1. "Insurance" is for risk aggregation of large impact, but rare events. Since nearly everyone is guaranteed to become sick and require increasingly expensive (and magical!) treatments, almost everyone will have the opportunity to spend frightful amounts of money to stay alive a few more months, unless they die quickly from an accident or something. There is nothing rare about getting sick. Specific diseases, perhaps, but in aggregate everyone will eventually have something that could break the bank. So, there is no "risk" here, properly understood. As a result, insurance is the wrong model.
I disagree with this, entirely. The whole notion of insurance was created back when traders were sailing the oceans. Since nearly every trading company was guaranteed to have a ship sink and lose significant investment, almost every trading company had the opportunity to spend frightful amounts of money to stay in business a few more months, unless they lose their whole fleet at once in a freak storm or something. There was nothing rare about losing a ship. Losing one (or more) with an extremely costly cargo, perhaps, but in aggregate every company will eventually have a ship sink which could put them out of business. So, there
is risk there, properly understood.
It's no different with being sick -- I don't know when, or where I'll get sick.

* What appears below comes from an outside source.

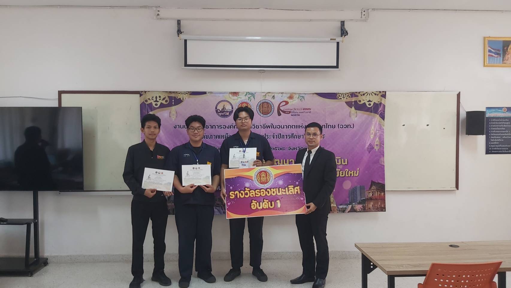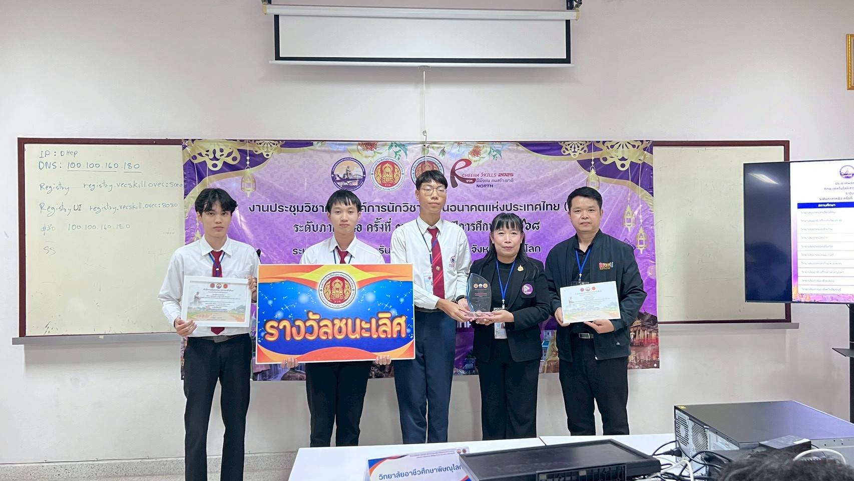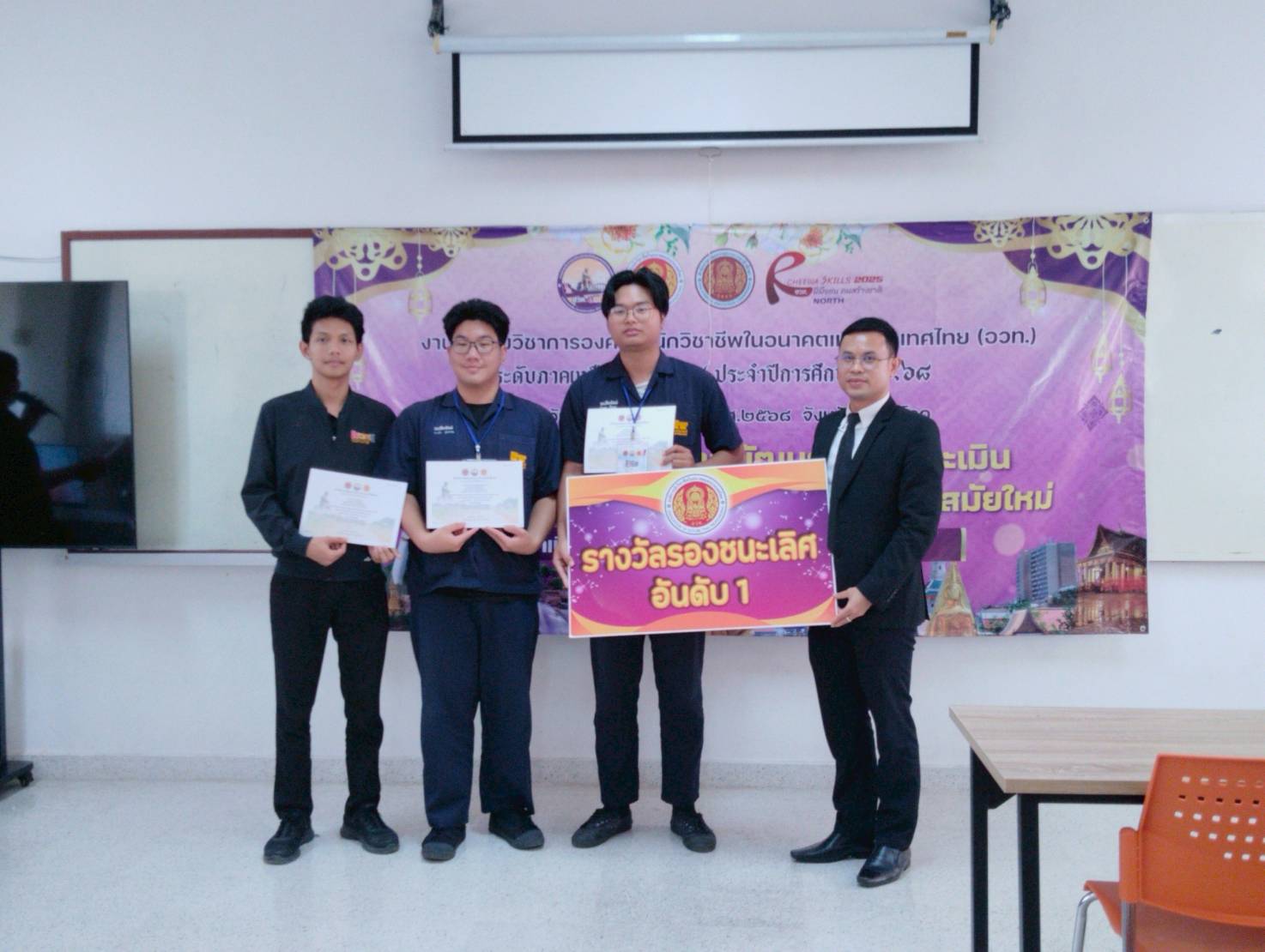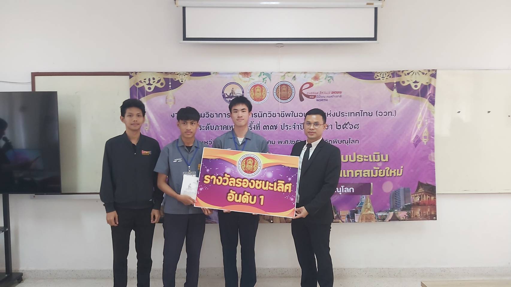 วันศุกร์ที่ 12 ธันวาคม 2568 ดร.วัชรพงศ์ ฝั้นติ๊บ ผู้อำนวยการวิทยาลัยเทคนิคเชียงใหม่ ปฏิบัติหน้าที่ผู้อำนวยการสำนักงานอาชีวศึกษาจังหวัดเชียงใหม่ และรักษาการในตำแหน่งที่ปรึกษาด้านนโยบายและแผน สำนักงานคณะกรรมการการอาชีวศึกษา ได้มอบหมายให้คณะครู นำนักเรียน นักศึกษา เข้าร่วมการแข่งขันทักษะวิชาชีพและทักษะพื้นฐาน ระดับภาคเหนือ ครั้งที่ 37 ประจำปีการศึกษา 2568 ณ วิทยาลัยอาชีวศึกษาพิษณุโลก ระหว่างวันที่ 8–12 ธันวาคม 2568 ซึ่งนักเรียน นักศึกษา แผนกวิชาเทคโนโลยีสารสนเทศ สามารถทำผลงานได้อย่างยอดเยี่ยม คว้ารางวัลรวมทั้งสิ้น 6 รางวัล ดังนี้

It could be now, it could be 20 years from now, but I do expect I'll get sick at some point. The risk is, will it be catastrophic enough to wipe me out financially for whatever reason. With the traders, they don't know when, or where they'll lose a ship. They might lose one this trading season, or not for several years, but they are expecting to lose a ship. The risk is, will it be catastrophic enough to wipe them out financially?
That said, private insurance makes sense for traders -- it's a small group of people amongst whom the risk needs to be shared. With health care, it's silly to have private insurance -- the group of people needing such insurance isn't small, it's the entire population. That's why it makes sense to have a single-payer system, IMHO.